Both the procedure bed 12 and wings 14 in the embodiment depicted in FIG. 2 are shown having alternate transverse strips. These strips represent a disposition of adhesive 22 and absorbent material 24, which may be alternating in the embodiment depicted in FIG. 2. Construction of the procedure bed assembly may be by starting with an absorbent substrate such as gauze, absorbent polymers or other absorbent materials with adhesive strips attached on top of the absorbent substrate in order that an adhesive surface face the patient's extremity. In this manner, the procedure bed assembly is held in its desired, advantageous position while an absorbent surface is maintained proximal to the patient's skin and, in some cases to a bleeding wound. Additionally, straps or tabs 30 may be placed on the wings as depicted. These straps or wings may be constructed with more adhesive material, hooks and eyes, hook and eye pads or other means for attachment of tabs. These tabs may be used to further stabilize and maintain the procedure bed in the desired position. These strips may further be used to stabilize and maintain an intravenous catheter line in a desired position. In most cases this position of an IV line is parallel with the longitudinal axis of the extremity and immediately adjacent to skin. In the prior this position was maintained only with simple adhesive tape or not at all.

FIGS. 3 and 4 depict a top view and a perspective view, respectively, of an alternative design configuration for adhesive and absorbent portions of an upper surface of the procedure bed assembly. Adhesive strips 22 may be arranged perpendicular to absorbent areas 24. It is within the scope of the present invention that any geometric pattern may be used to provided that there is an absorbent portion and adhesive portion of an upper surface of the procedure bed facing the patient's extremity. Moreover, adhesive areas are provided with a non-adhesive cover which is removed immediately before use exposing the adhesive surface to the patient's skin. The procedure bed assembly may be constructed and arranged so that different adhesive portions are provided with separate covers. In this fashion, a healthcare practitioner may selectively expose the adhesive on different adhesive areas in order to tailor the use of the procedure bed assembly to the patient need at hand. For example, the cover may be left on an adhesive strip to be placed immediately proximate a wound so that the device does not stick to the wound.

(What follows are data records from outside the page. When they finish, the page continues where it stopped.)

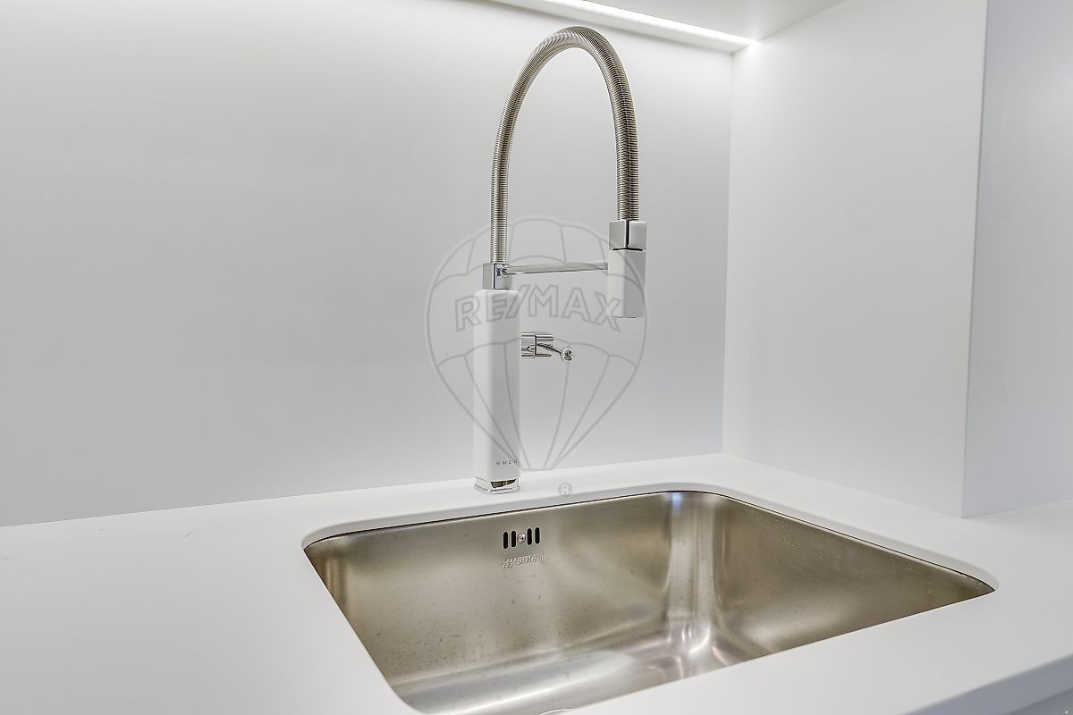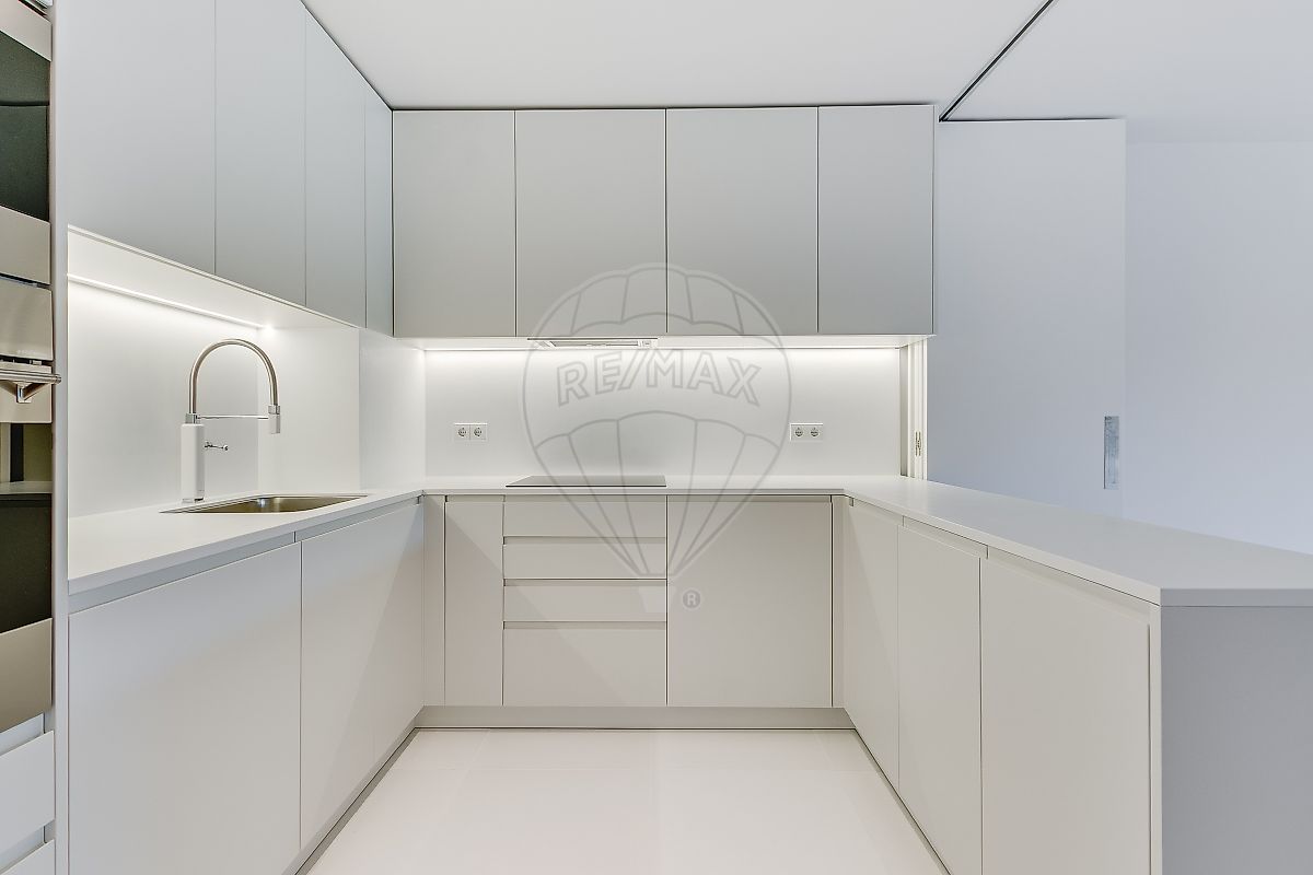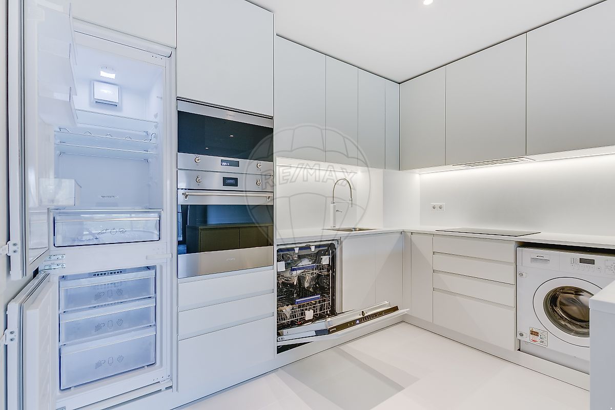 Cozinha semi open-space, com sistema de fecho moderno, permitindo optar entre integração ou separação total do espaço; equipada com eletrodomésticos Smeg de última geração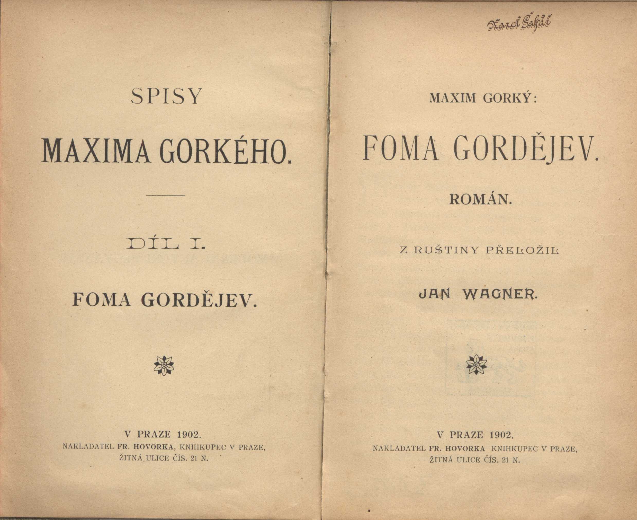 Spisy, Maxim Gorkij, (Fr. Hovorka)Country Czech Republic Language Czech Language of the original Russian Note Vl. jm. autora: Peškov, Aleksej Maksimovič. - Rozložený titulní list. - Přehled titulů vydaných v edici.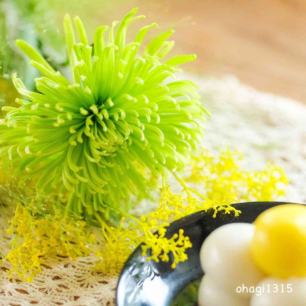 このお花は供え物の団子に手を伸ばしてるように見えるのんは僕だけかしら?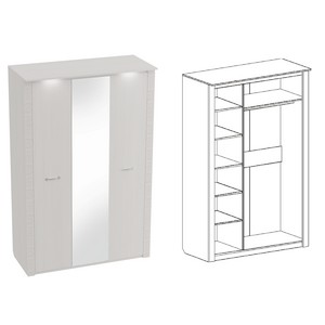 Трехдверный шкаф с зеркалом состоит из отделений с полками и штангой для вешалок.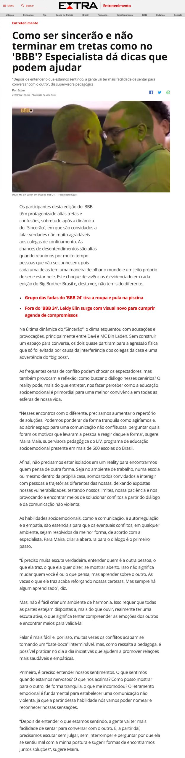 Todas as publicações Extra Online Como ser sincerão e não terminar em tretas como no ‘BBB’? Visite a página original anterior próximo post
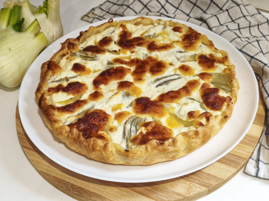 Yo la preparé así: herví los hinojos hasta que se pusieron tiernos, luego desenrollé la masa de hojaldre directamente en el molde. En un bol mezclé ricotta cremosa, nuez moscada, una pizca de sal y galbanino cortado en cubitos. Una crema sencilla pero sabrosa, perfecta para acompañar los hinojos. Llené la base de hojaldre con los hinojos y la crema de ricotta, nivelé bien y ¡al horno!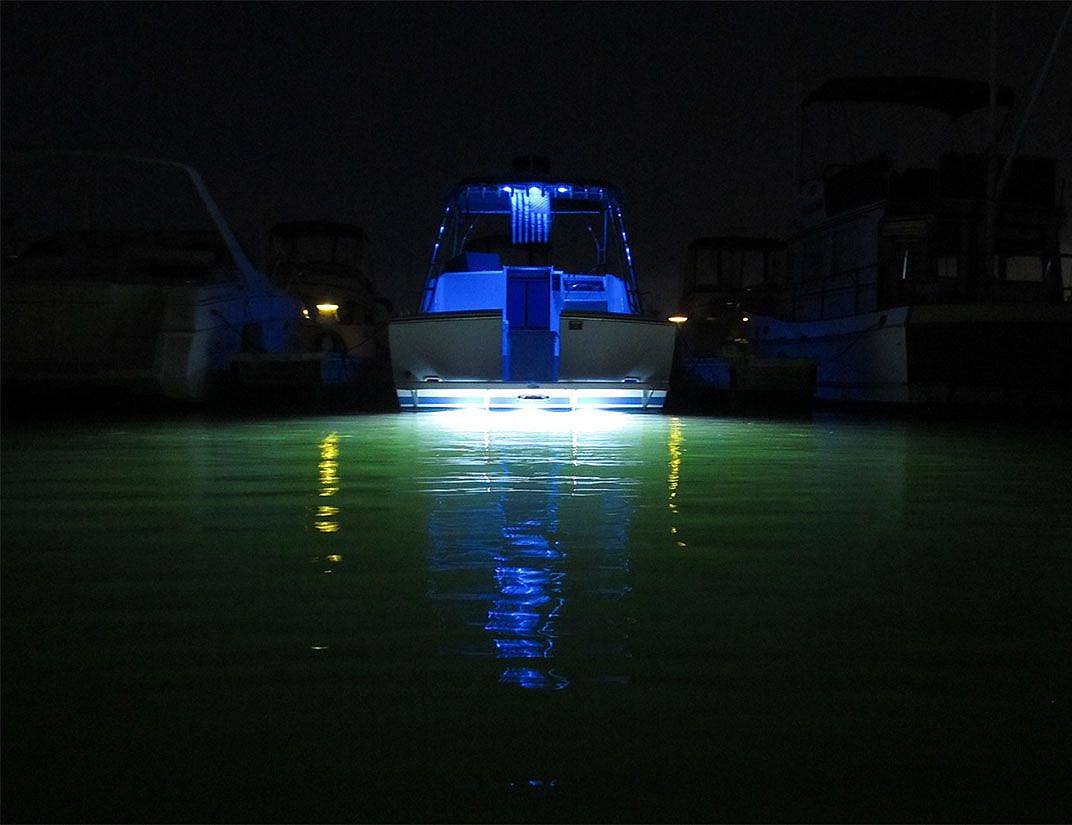 A dim gauzy blue light came on in the cockpit area of the boat Carla had boarded, showing the dark torso of one person. Running lights on the bow and stern, blinked on.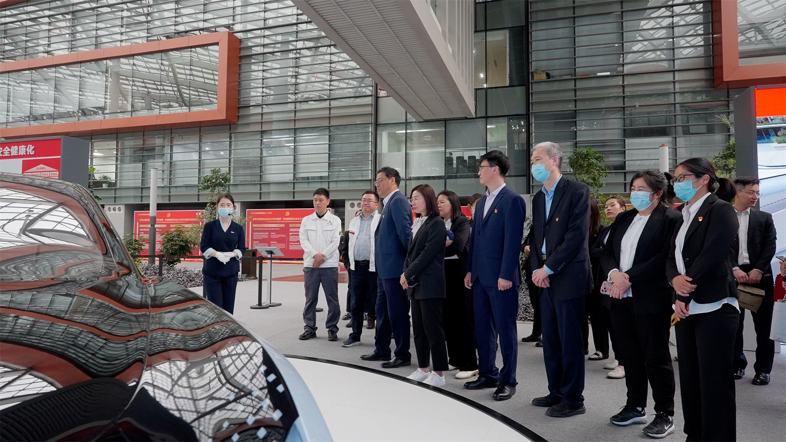 为推进学习贯彻习近平新时代中国特色社会主义思想主题教育落深落实落细,5月16日,学校副校长胡国良、机械工程学院负责人陈艳辉、党总支副书记杨凤湖以及学院党总支教师代表一行赴一汽研发总院试制所参观调研。研发总院党委副书记、工会负责人田立新,研发总院党群管理部(两办)部长于雪梅,我校优秀毕业生、优秀兼职教师杨永修陪同调研。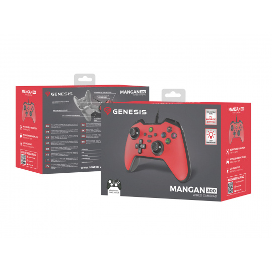 genesis.htmlDrátový gamepad Genesis MANGAN 300, pro PC/Switch/Mobil, červený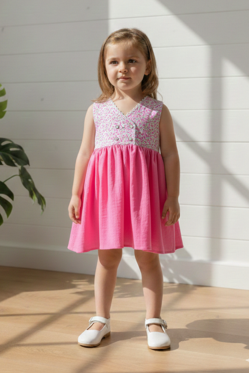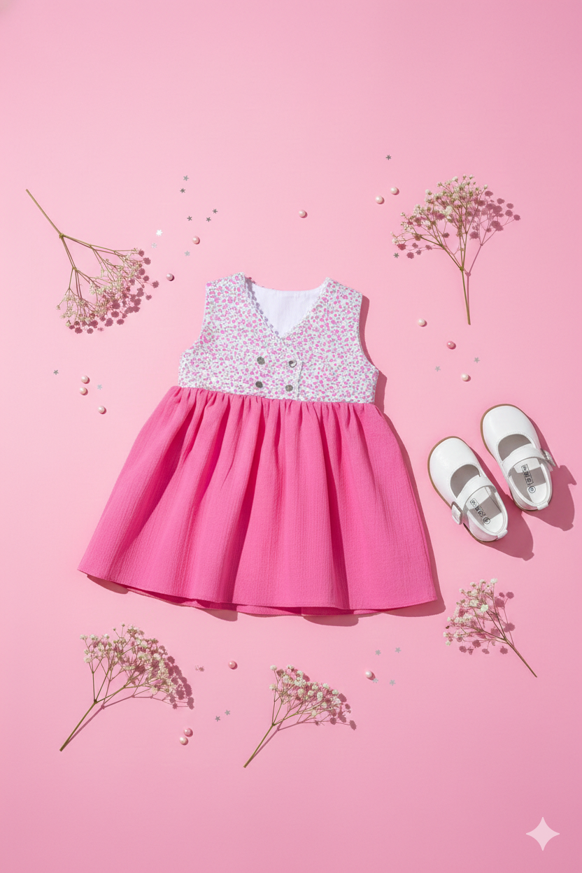 Our summer dress, made of 100% organic cotton material with tiny flower patterns and lace decoration, provides comfortable and safe use in hot weather and in between seasons.

FIG. 5 shows an alternate embodiment having multiple sleeves 46 for receiving and maintaining stabilizing battens 48. FIG. 5 also shows longitudinal alternating adhesive and absorbent areas, again with separate covers being provided for the adhesive areas. FIG. 6 is a top view of another alternative embodiment of the present invention. The patient's arm is shown over the procedure bed. Shown in phantom on the underside of the patient's arm are the longitudinal alternating adhesive and absorbent strips on the procedure bed portion 12. The wings are disposed with alternating with a series of absorbent ribs oriented in a transverse direction. Such transverse absorbent areas may be useful in a situation where the extremity is not parallel to the ground. As such circumstances, blood, water or lavage fluid would flow downwards. The raised ribs of the depicted embodiment would aid in controlling spillage of such fluid.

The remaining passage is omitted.